The data:
╔══

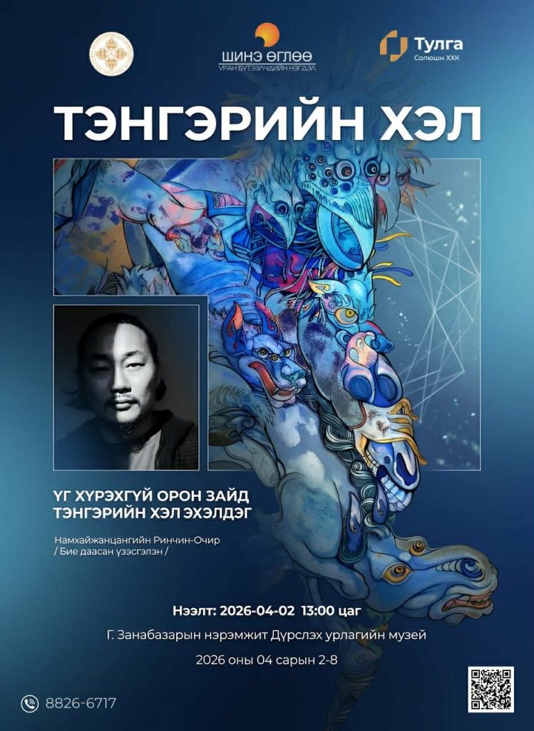 МУЭ-ийн гишүүн, “Монгол зураг” нийгэмлэгийн гишүүн, “Шинэ өглөө” нэгдлийн тэргүүн Н.Ринчин-Очир “Тэнгэрийн хэл” бие даасан үзэсгэлэнгээ Г.Занабазарын нэрэмжит Дүрслэх урлагийн музейд дөрөвдүгээр сарын 2-нд нээнэ.
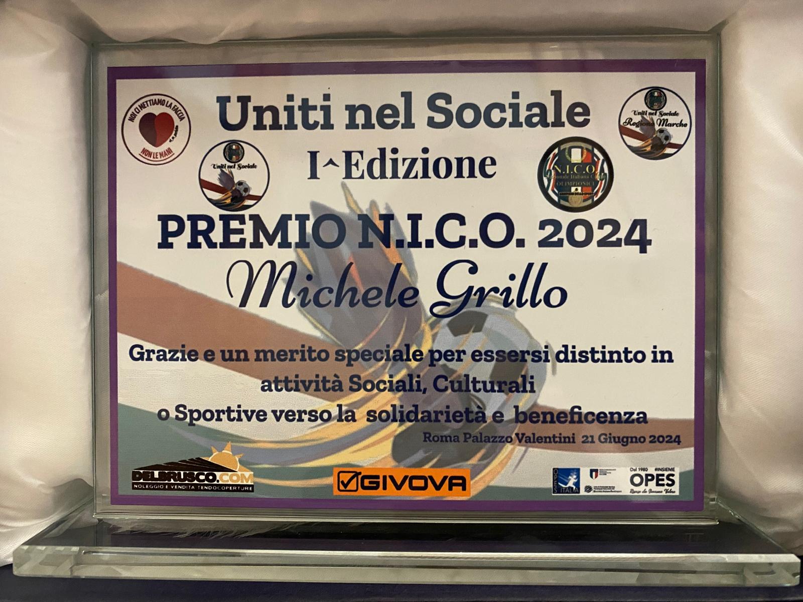 Il Premio Nico è stato istituito per riconoscere coloro che, nel silenzio e senza clamore, contribuiscono significativamente al miglioramento della società. Michele Grillo è stato premiato per il suo instancabile impegno nel contrasto al bullismo e nel sostegno ai giovani in difficoltà. Il suo lavoro all'interno dell'Osservatorio Nazionale Bullismo e Disagio Giovanile è stato fondamentale per promuovere iniziative di prevenzione e supporto, dimostrando una dedizione autentica e professionale.
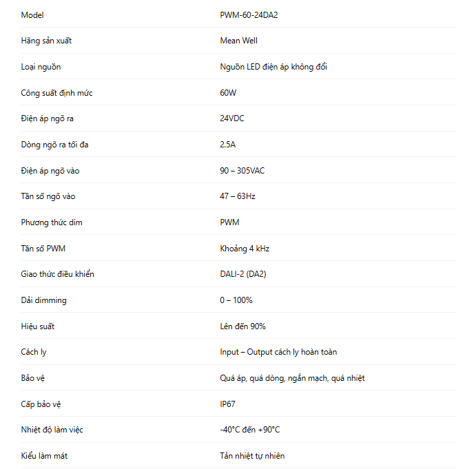 PWM-60-24DA2 là bộ nguồn LED điện áp không đổi 24VDC thuộc dòng PWM cao cấp của Mean Well, được thiết kế chuyên biệt cho các hệ thống chiếu sáng thông minh sử dụng giao thức DALI-2. Sản phẩm kết hợp giữa độ ổn định của nguồn công nghiệp và khả năng điều khiển ánh sáng chính xác, đáp ứng tốt các yêu cầu khắt khe trong chiếu sáng kiến trúc, chiếu sáng cảnh quan và hệ thống LED điều khiển tập trung.
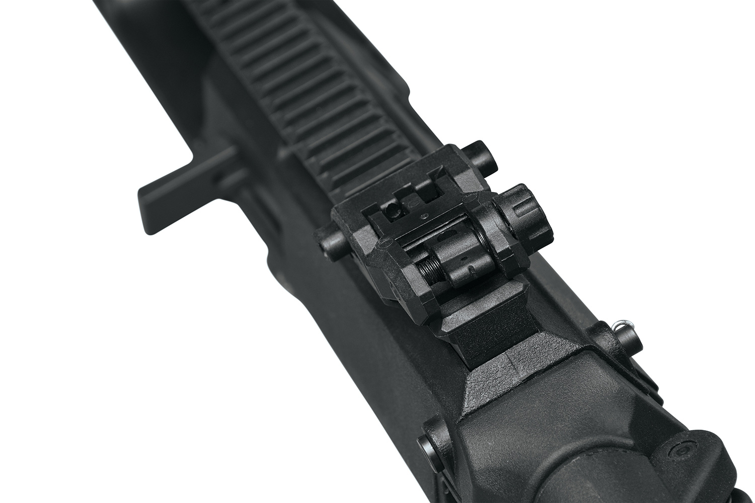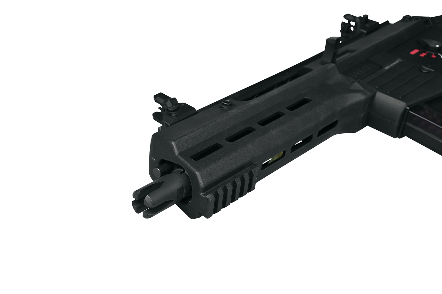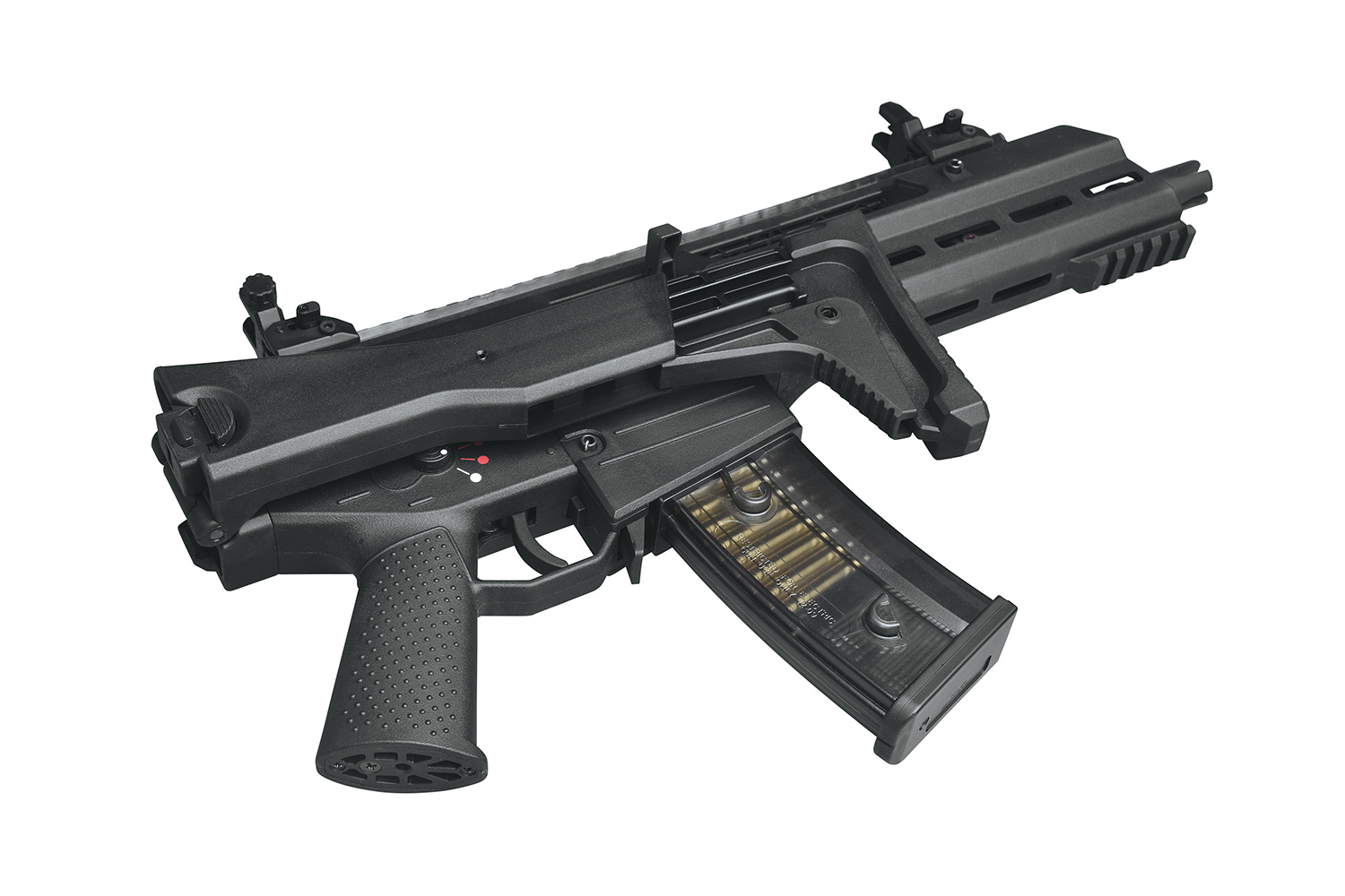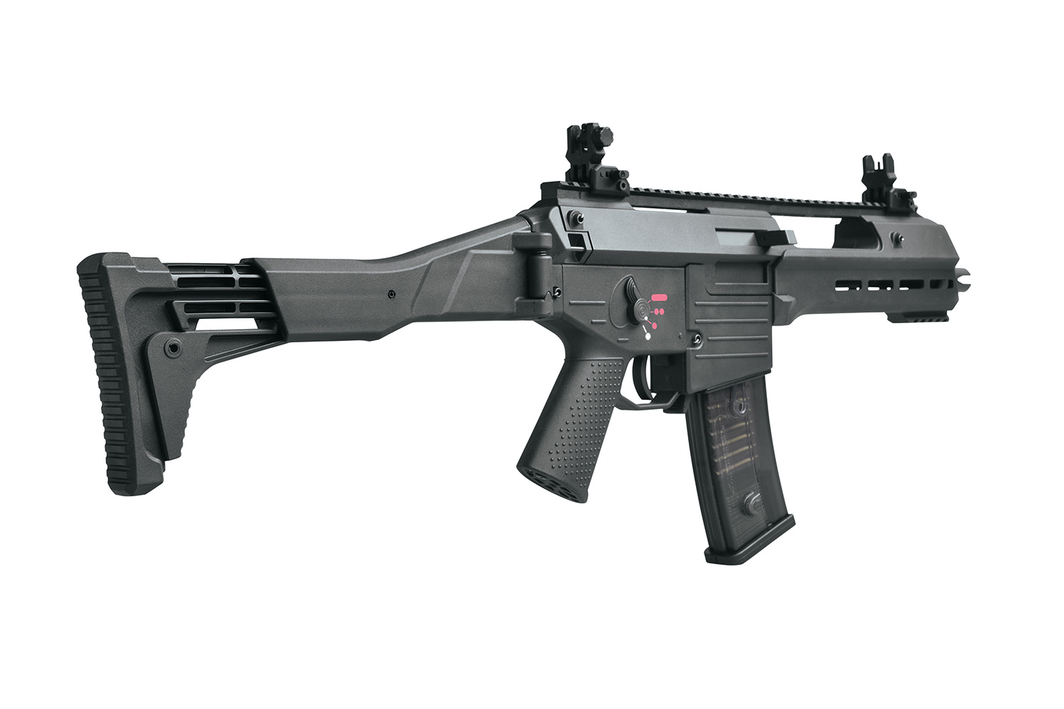 Die Electronic Blow-Back Funktion 'Real Power' sorgt durch eine doppelte Federung für einen starken, realistischen Rückstoß. Der neu designte Klappschaft mit verstellbarer Schulterstütze bietet maximalen Komfort. In Kombination mit dem Anti-Slip Griffstück erhältst du eine Waffe, die sich ausgezeichnet führen lässt. Du kannst die GSG 14 Carbine nach Belieben mit einem Silencer (14mm CCW) oder auch anderem verschiedenen Zubehör, dass du z.B. auf der Picatinnyschiene anbringen kannst, ausstatten. Die Flip-Up-Visierungen stellen sich per Knopfdruck auf.

╚══

Your instructions:
Pass over the images and copy the rest of the material above exactly.

Output for this task:
 МУЭ-ийн гишүүн, “Монгол зураг” нийгэмлэгийн гишүүн, “Шинэ өглөө” нэгдлийн тэргүүн Н.Ринчин-Очир “Тэнгэрийн хэл” бие даасан үзэсгэлэнгээ Г.Занабазарын нэрэмжит Дүрслэх урлагийн музейд дөрөвдүгээр сарын 2-нд нээнэ.
 Il Premio Nico è stato istituito per riconoscere coloro che, nel silenzio e senza clamore, contribuiscono significativamente al miglioramento della società. Michele Grillo è stato premiato per il suo instancabile impegno nel contrasto al bullismo e nel sostegno ai giovani in difficoltà. Il suo lavoro all'interno dell'Osservatorio Nazionale Bullismo e Disagio Giovanile è stato fondamentale per promuovere iniziative di prevenzione e supporto, dimostrando una dedizione autentica e professionale.
 PWM-60-24DA2 là bộ nguồn LED điện áp không đổi 24VDC thuộc dòng PWM cao cấp của Mean Well, được thiết kế chuyên biệt cho các hệ thống chiếu sáng thông minh sử dụng giao thức DALI-2. Sản phẩm kết hợp giữa độ ổn định của nguồn công nghiệp và khả năng điều khiển ánh sáng chính xác, đáp ứng tốt các yêu cầu khắt khe trong chiếu sáng kiến trúc, chiếu sáng cảnh quan và hệ thống LED điều khiển tập trung.
 Die Electronic Blow-Back Funktion 'Real Power' sorgt durch eine doppelte Federung für einen starken, realistischen Rückstoß. Der neu designte Klappschaft mit verstellbarer Schulterstütze bietet maximalen Komfort. In Kombination mit dem Anti-Slip Griffstück erhältst du eine Waffe, die sich ausgezeichnet führen lässt. Du kannst die GSG 14 Carbine nach Belieben mit einem Silencer (14mm CCW) oder auch anderem verschiedenen Zubehör, dass du z.B. auf der Picatinnyschiene anbringen kannst, ausstatten. Die Flip-Up-Visierungen stellen sich per Knopfdruck auf.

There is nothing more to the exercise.